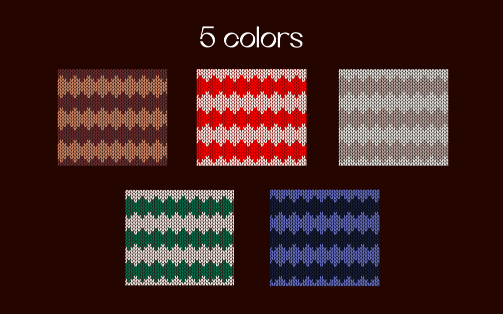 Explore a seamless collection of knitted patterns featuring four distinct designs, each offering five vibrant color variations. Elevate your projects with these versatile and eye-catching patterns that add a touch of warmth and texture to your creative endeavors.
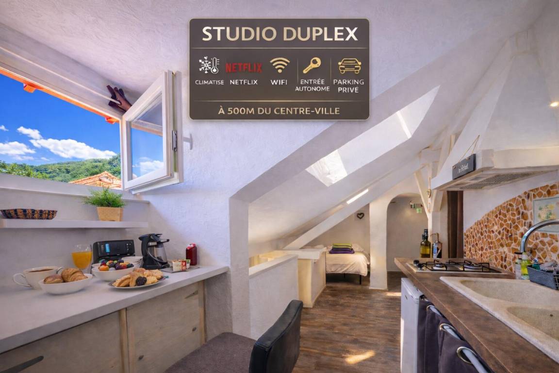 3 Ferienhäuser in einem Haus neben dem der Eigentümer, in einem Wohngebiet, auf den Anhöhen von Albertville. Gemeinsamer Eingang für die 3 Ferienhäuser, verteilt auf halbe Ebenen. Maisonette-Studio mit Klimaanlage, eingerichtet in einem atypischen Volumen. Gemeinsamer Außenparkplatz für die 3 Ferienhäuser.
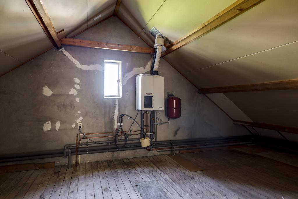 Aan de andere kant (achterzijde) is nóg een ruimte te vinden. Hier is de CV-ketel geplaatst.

···

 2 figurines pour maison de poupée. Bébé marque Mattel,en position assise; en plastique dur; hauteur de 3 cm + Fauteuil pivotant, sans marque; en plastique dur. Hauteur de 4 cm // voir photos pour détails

···

● **WHAT THE TASK REQUIRES**: Return exactly the part of the listing above that opens with the line containing "Explore a seamless" and closes with the line containing "3 Ferienhäuser in". Pictures stay out.

● **OUTPUT BELOW**:
 Explore a seamless collection of knitted patterns featuring four distinct designs, each offering five vibrant color variations. Elevate your projects with these versatile and eye-catching patterns that add a touch of warmth and texture to your creative endeavors.
 3 Ferienhäuser in einem Haus neben dem der Eigentümer, in einem Wohngebiet, auf den Anhöhen von Albertville. Gemeinsamer Eingang für die 3 Ferienhäuser, verteilt auf halbe Ebenen. Maisonette-Studio mit Klimaanlage, eingerichtet in einem atypischen Volumen. Gemeinsamer Außenparkplatz für die 3 Ferienhäuser.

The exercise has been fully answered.